The Landlord Should Probably Get Venmo


Jesse Della Riley


Everything dies & people are shitty

& they make each other feel bad

and that’s bad

but my new apartment seems alright.

I moved my stuff in this morning.

There’s old carpet, some stains

that look like beer but could be anything,

really.  The kitchen’s a little sticky.

I could probably fit a dog in here,

you know, if I have time to walk it.

There are things I’ve escaped.

I want to believe those places in me have died.

Most dead things take up a lot of space.

All of this comes from a twitter thread I read this morning.

I know I’m unoriginal and steal things.

I also think people are shitty,

but this is unoriginal too.  My whole generation

thinks that.  At least the ones on the internet,

which really just means the people I follow

on twitter.  We’re all detached

& smart & have weird expectations.

I think it was the position of Uranus

when we were born that caused this.

How is work going.

I built my bed, and it took longer than an hour.

Holding the middle frame and the four sides all at once

so I could nail in a single screw was the hard part.

I am always finding myself with harmless people

who deserve tenderness.  I want to hate something living.

I have a hard time hating abusers unironically.

The apartment doesn’t care.

Just asks us to be well enough to write a check

& seal its walls with plaster.

Be through with it.

This is more about the landlord

than the apartment, so I’m really saying

I don’t know anything about the walls we’re living in.

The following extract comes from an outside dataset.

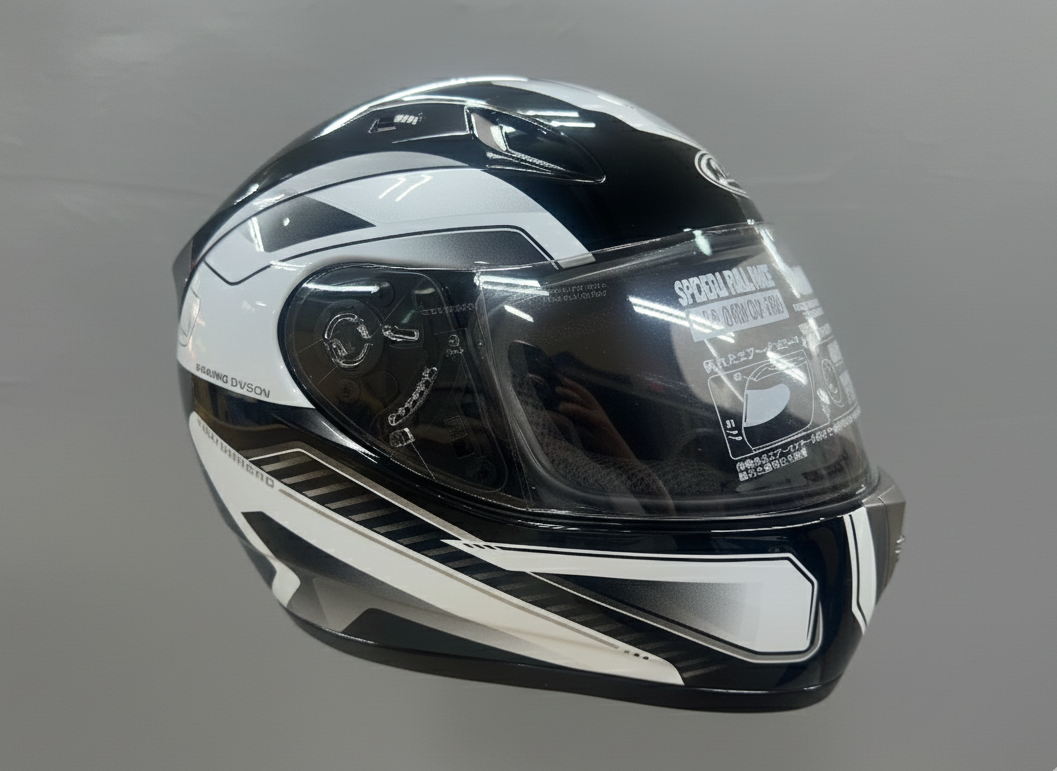 こちらはバイクを運転する際に、頭を守る為に装着するフルフェイスオートバイ用ヘルメットになります。頭全体を覆い、顔面も守る防御性が高いヘルメットの形状で安全性に配慮されているので、高速走行や長距離の走行において信頼性が高いとされてます。

I asked about how to pay rent

& we have to write paper checks before the 1st.

We will figure this out.

The bathroom, by the way, had a cockroach,

and I was afraid to kill it.  I don’t know where it went.

I am hoping I will sleep better here than at my last place.

But you worry too much & though I love you

I’m scared I cannot give you anything.

We should probably get married sometime.

That is the law & the law is full of dreams.

I get turned on by it.

I have been trying to attend to my own body,

but there is no easy method for this.

I like humor, and so does Twitter.

Laughing is a kind of over the counter medicine,

and I would welcome a conversation about the weather,

you know, if you get home early and it’s still sunny out.

How do you make your body get up in the morning.

I want to learn how you fall asleep.

I want to learn how you laugh when you

accidentally hit caps lock and something

expands into a drama.  I want to learn

how a cherry stem stains your fingers

if you order a milkshake.  What does

sand look like on your cheeks.  There’s

a phrase you say over and over again.  I

want to hear you say it for years.  Maybe

tell me the types of plants you want in a garden.

And what TV you fall asleep to.  The place

you go when you feel like the world’s pretty OK.

Do you know the weather for tomorrow?